Hold off on the MIF

May 8th, 2007

In my previous post I described how Flare wasn't handling output to FrameMaker well and I was going to have to insert an intermediary stage, outputting the FrameMaker files produced by Flare as MIF files, running a tidy-up script on these, opening the MIF files in FrameMaker again and then outputting to PDF. Well probably not. Hallelujah!

It looks like the mistake I was making was that I'd built my Flare project with WebHelp in mind and was then trying to output this to FrameMaker and use a FrameMaker template, within FrameMaker, to apply styling - i.e. to redo the formatting done by Frame so that the finished document looks like the documents we produce natively in FrameMaker. This seemed to have a certain logic, but it's not the way MadCap expect you to do it.

The way to do it is just to think of FrameMaker as your pagination engine and to aim to do nothing in FrameMaker. So you have to do all the formatting for printed output within Flare. This still seems weird to me, when Flare is so obviously designed as an online user assistance authoring tool, not a printed output tool. And if you've already got a FrameMaker template that'd do the job, it's extra work to have to do all the CSS work and master page setup within Flare. But I guess it's an overhead that'll pay off - if it all works.

The thing that hindered me and meant I took a long time reaching this Newton's Apple moment was that Flare's own online help doesn't explain the process well. Support for FrameMaker output didn't come with the initial Flare release and although the help has some topics dealing with this subject, it really needs a whole section to itself, leading you through the process, with an overview, perhaps some diagrams, maybe even a screencast, and then all the procedural topics that show you how to get it all working. At the moment the topics that are in there are difficult to digest because they aim to cover Word and FrameMaker, and they don't take you lead you through it. Most of the detail seems to be there, but there's very little in the way of overview, conceptual explanation and methodology.
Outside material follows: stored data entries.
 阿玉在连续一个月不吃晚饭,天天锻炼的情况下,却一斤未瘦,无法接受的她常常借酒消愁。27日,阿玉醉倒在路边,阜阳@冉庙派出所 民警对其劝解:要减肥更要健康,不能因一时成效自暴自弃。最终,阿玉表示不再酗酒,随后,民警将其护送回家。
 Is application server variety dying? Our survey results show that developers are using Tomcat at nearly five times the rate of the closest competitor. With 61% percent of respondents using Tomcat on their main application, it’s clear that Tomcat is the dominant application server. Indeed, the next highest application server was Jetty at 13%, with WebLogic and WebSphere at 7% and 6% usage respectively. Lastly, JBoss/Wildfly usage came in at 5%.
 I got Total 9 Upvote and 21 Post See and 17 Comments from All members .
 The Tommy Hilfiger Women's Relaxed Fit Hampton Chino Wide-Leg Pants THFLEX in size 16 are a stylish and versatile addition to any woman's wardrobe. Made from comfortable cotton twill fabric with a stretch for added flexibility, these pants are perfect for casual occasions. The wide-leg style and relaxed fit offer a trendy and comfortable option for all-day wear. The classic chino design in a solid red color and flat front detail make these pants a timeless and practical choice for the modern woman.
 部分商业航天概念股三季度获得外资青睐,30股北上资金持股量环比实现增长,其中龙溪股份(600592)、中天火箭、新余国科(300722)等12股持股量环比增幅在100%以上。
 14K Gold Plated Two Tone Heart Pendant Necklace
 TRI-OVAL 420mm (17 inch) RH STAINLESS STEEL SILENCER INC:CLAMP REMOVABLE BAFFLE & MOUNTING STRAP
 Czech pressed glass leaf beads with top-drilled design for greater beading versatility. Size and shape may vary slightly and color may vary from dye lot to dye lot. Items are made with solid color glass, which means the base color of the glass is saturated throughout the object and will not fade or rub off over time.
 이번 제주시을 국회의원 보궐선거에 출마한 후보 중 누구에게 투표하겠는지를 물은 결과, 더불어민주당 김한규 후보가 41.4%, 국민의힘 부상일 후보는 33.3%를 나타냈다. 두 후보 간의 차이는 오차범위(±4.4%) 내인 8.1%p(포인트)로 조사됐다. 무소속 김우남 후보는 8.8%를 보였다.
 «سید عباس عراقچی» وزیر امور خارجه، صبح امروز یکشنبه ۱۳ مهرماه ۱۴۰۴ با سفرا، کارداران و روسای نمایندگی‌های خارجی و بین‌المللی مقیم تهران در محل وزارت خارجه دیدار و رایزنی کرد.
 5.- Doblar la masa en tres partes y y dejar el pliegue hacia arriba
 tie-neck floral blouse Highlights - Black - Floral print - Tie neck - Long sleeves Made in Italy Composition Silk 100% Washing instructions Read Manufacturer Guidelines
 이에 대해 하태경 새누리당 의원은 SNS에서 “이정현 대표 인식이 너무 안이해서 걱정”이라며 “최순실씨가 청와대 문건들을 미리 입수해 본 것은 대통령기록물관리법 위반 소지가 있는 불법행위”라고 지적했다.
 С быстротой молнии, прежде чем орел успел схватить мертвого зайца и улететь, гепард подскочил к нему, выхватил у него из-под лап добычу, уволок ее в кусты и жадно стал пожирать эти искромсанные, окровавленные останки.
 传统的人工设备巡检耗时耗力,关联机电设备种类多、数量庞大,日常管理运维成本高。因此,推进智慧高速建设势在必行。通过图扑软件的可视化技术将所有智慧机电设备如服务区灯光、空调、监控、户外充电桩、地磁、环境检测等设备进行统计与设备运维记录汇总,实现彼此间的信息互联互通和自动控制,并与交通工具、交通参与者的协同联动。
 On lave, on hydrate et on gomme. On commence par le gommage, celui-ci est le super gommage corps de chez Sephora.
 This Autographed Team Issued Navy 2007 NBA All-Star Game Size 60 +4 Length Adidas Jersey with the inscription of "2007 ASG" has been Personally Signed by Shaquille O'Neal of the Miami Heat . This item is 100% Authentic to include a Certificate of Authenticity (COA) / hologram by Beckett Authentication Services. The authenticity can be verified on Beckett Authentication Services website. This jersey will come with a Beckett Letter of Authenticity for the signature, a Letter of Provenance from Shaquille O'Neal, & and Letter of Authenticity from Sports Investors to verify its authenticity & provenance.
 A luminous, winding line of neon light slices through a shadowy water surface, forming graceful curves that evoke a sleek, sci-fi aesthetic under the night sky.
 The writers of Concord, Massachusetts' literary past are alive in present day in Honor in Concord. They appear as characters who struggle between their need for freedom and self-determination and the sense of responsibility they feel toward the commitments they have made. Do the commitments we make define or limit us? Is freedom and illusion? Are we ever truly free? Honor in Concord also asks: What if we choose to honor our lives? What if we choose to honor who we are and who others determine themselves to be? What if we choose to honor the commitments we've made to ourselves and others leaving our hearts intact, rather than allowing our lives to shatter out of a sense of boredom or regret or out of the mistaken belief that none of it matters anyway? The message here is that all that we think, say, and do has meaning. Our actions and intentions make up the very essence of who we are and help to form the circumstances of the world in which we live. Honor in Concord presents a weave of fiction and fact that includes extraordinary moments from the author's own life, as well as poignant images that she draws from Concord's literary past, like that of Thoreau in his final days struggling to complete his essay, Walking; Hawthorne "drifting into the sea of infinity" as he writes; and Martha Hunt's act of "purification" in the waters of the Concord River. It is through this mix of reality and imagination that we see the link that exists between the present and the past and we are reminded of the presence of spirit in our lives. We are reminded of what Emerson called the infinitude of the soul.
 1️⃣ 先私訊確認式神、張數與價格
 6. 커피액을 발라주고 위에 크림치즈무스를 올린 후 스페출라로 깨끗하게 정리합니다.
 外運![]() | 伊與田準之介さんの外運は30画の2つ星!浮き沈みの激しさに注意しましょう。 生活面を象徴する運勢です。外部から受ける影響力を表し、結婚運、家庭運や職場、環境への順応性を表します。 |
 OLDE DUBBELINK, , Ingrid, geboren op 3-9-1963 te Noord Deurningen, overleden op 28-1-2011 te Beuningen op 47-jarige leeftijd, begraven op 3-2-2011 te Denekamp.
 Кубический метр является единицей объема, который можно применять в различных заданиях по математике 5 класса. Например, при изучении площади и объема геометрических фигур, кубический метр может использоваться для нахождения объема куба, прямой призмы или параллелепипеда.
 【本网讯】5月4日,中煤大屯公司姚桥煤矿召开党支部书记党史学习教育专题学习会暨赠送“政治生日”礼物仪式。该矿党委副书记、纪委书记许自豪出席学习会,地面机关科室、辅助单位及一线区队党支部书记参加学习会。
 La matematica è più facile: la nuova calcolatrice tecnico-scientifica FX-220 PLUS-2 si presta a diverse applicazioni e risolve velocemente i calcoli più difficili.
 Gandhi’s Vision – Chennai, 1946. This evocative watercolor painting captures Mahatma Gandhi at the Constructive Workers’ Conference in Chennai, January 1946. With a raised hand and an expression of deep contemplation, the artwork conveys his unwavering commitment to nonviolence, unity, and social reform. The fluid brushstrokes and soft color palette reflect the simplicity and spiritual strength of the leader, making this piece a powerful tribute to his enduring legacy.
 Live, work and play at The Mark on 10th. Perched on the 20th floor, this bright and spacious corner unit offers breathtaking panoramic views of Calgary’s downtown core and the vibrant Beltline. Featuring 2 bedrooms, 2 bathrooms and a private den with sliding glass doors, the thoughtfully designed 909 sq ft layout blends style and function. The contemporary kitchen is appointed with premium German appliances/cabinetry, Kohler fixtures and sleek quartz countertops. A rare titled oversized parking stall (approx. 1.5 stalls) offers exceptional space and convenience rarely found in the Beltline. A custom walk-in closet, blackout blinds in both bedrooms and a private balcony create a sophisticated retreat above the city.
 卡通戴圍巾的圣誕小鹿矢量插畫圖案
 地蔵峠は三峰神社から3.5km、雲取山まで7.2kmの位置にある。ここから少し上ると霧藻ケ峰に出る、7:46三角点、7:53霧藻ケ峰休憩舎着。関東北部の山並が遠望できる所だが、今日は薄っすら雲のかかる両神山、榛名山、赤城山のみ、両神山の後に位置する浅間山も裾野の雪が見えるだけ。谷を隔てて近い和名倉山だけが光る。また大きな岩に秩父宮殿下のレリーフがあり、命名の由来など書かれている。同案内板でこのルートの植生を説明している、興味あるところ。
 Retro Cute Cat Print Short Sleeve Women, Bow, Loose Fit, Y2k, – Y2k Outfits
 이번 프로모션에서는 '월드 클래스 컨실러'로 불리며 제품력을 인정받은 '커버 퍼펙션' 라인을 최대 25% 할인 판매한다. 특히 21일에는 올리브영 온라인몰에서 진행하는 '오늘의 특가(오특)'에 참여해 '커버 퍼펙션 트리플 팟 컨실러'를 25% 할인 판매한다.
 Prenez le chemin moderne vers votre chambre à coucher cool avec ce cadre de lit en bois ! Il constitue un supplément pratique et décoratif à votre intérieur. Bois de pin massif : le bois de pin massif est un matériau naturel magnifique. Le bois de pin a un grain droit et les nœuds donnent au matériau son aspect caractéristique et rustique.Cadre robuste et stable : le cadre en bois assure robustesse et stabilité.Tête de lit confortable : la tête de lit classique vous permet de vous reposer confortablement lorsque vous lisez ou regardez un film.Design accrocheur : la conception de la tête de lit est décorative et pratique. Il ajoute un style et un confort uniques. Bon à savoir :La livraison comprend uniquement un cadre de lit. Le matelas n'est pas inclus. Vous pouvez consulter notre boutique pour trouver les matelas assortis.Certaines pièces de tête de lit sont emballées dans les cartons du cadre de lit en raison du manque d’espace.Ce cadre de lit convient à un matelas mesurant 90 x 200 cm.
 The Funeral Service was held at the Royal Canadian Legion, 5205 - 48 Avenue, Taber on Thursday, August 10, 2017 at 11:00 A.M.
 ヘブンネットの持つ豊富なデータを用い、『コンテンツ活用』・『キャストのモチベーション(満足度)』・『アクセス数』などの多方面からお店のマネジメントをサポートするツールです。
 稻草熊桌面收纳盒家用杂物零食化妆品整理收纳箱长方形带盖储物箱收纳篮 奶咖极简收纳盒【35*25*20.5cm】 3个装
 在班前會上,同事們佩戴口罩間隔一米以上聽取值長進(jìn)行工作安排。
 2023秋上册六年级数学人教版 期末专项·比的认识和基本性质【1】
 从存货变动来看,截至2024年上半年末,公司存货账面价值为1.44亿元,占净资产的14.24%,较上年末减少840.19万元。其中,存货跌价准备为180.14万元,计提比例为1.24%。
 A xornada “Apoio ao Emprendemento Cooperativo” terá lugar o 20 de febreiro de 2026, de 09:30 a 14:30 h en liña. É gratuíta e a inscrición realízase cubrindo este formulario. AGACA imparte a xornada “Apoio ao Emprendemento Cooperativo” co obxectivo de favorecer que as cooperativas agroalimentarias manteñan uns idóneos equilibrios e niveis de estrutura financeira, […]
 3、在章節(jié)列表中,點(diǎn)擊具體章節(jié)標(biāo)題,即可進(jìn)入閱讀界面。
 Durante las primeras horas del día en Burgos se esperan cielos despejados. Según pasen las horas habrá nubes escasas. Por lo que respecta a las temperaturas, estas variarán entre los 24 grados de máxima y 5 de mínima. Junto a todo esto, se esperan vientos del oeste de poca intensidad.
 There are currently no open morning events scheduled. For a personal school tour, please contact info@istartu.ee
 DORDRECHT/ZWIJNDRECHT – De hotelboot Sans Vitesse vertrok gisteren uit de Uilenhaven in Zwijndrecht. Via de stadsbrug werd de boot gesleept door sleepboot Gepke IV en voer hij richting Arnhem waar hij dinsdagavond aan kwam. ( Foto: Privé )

Anyhow, apologies to MadCap for suggesting that output to FrameMaker didn't work. It just doesn't work in the way that I (and maybe you) expected.

Now I've got to go away, reassess where I am on this project, and see if I have time to fix the printed output properly using a beefed up for-print-only CSS file. But I'm feeling much more optimistic that I can get this to work now. And, as an unofficial Flare evangelist, I can go back to telling people how good Flare is, and score one more quibble off the list. Now it they'd just finish off the editor properly ...


Finally, I got an email from a Technical Support Analyst at MadCap asking about my last post and offering to try and help me out. Now I enjoy having a Support contract with MadCap, which has proved its worth in the past, but this time I hadn't actually asked for help, so I've got to take my cap off (sorry, bad pun) to MadCap that they'd go out of their way to offer to help. In all the years I've been blogging about FrameMaker I've never once had an email from Adobe.